■ DATA EXCERPTS ■
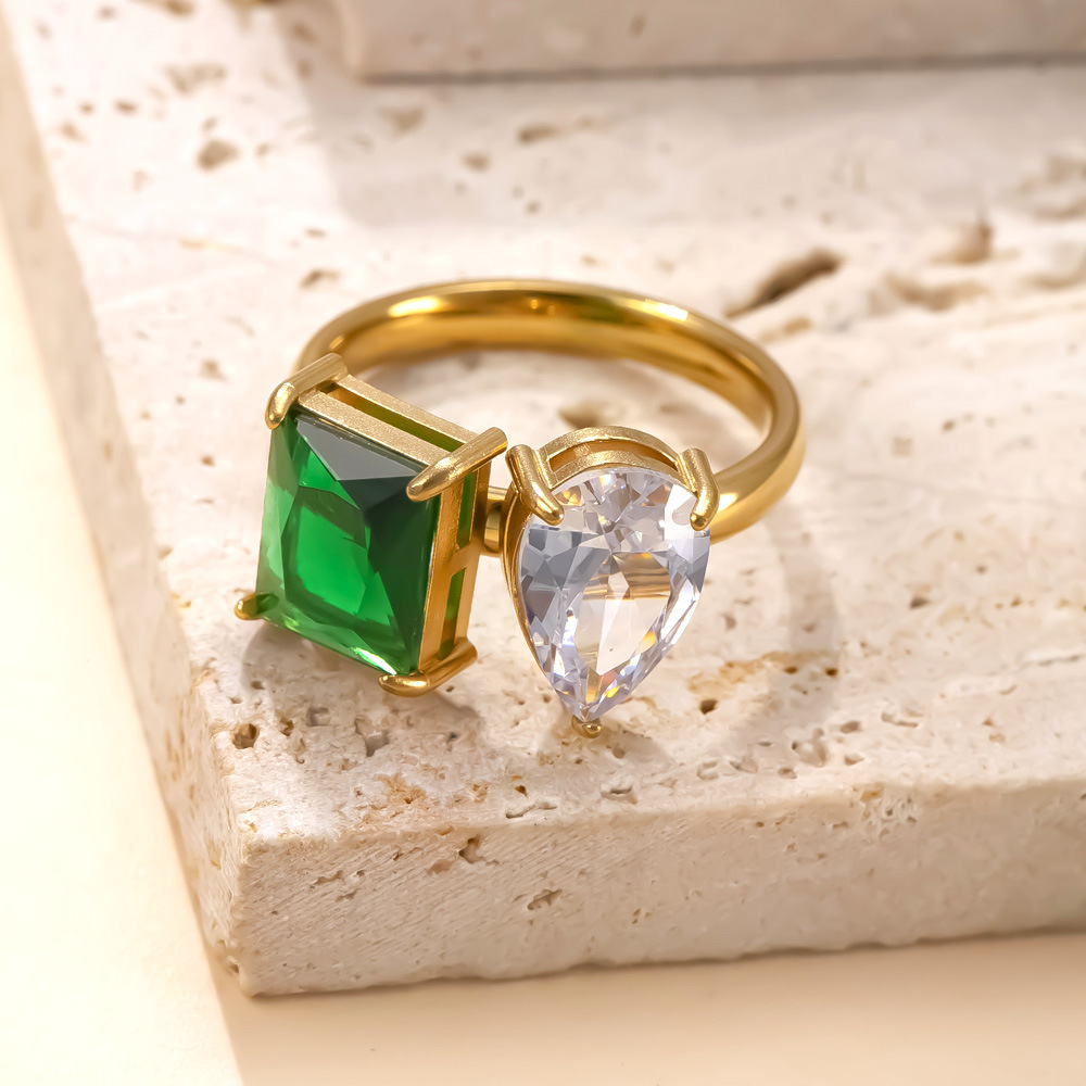 Circón cúbico anillo de dedo de latón, acero inoxidable 304, con cúbica circonia, 18K chapado en oro, Joyería & para mujer, Vendido por UD
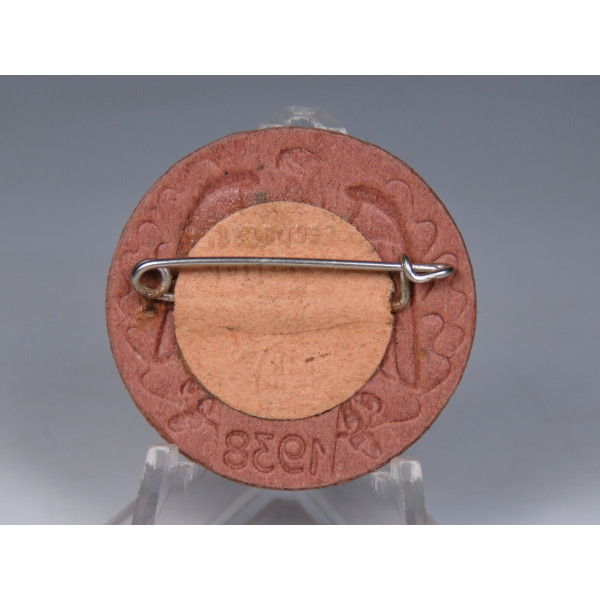 Картонный значок 1938 года, изготовленный для массовых мероприятий Гитлерюгенд. На аверсе изображён орёл с распростёртыми крыльями, держащий ромб с эмблемой Гитлерюгенд и свастикой в центре. В нижней части дата «1938». Материал – прессованный картон красного цвета. Состояние со следами времени, но с хорошо читаемыми деталями.
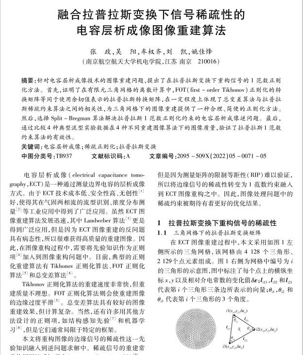 融合拉普拉斯变换下信号稀疏性的电容层析成像图像重建算法
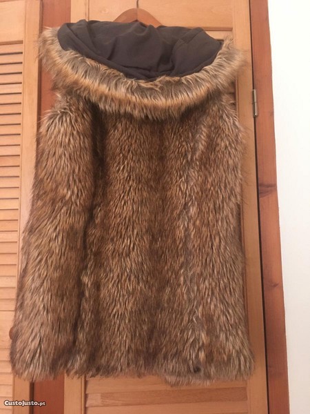 Colete com capuz de pelo sintético giríssimo,da Zara,muito quentinho
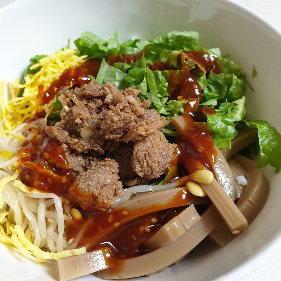 도토리묵, 콩나물, 지단, 고기, 상추, 고추장, 참기름까지!
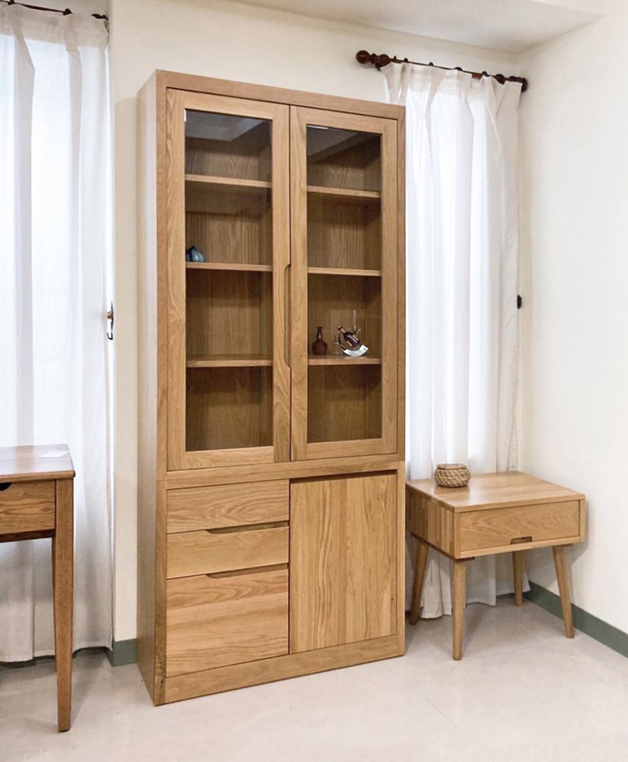 日出內盒 北美赤楊木 +松木 寬 36.8 x 深 33.5 x 高 32.8 cm MO-130-2A $8,200 單門 雙抽 MO-130-A $6,100 微風滑門玻璃高櫃 OAK 北美紅橡木 + 木心板貼實木皮 MO-516-85 寬 85 x 深 40 x 高 176 cm $39,400 層板為活動式 書櫃 80

■ ASSIGNMENT ■
Each line from the one with "Картонный значок 1938" to the last line of the listing should be returned exactly, both ends included, and no picture with them.

■ RESPONSE TO THE EXERCISE ■
 Картонный значок 1938 года, изготовленный для массовых мероприятий Гитлерюгенд. На аверсе изображён орёл с распростёртыми крыльями, держащий ромб с эмблемой Гитлерюгенд и свастикой в центре. В нижней части дата «1938». Материал – прессованный картон красного цвета. Состояние со следами времени, но с хорошо читаемыми деталями.
 融合拉普拉斯变换下信号稀疏性的电容层析成像图像重建算法
 Colete com capuz de pelo sintético giríssimo,da Zara,muito quentinho
 도토리묵, 콩나물, 지단, 고기, 상추, 고추장, 참기름까지!
 日出內盒 北美赤楊木 +松木 寬 36.8 x 深 33.5 x 高 32.8 cm MO-130-2A $8,200 單門 雙抽 MO-130-A $6,100 微風滑門玻璃高櫃 OAK 北美紅橡木 + 木心板貼實木皮 MO-516-85 寬 85 x 深 40 x 高 176 cm $39,400 層板為活動式 書櫃 80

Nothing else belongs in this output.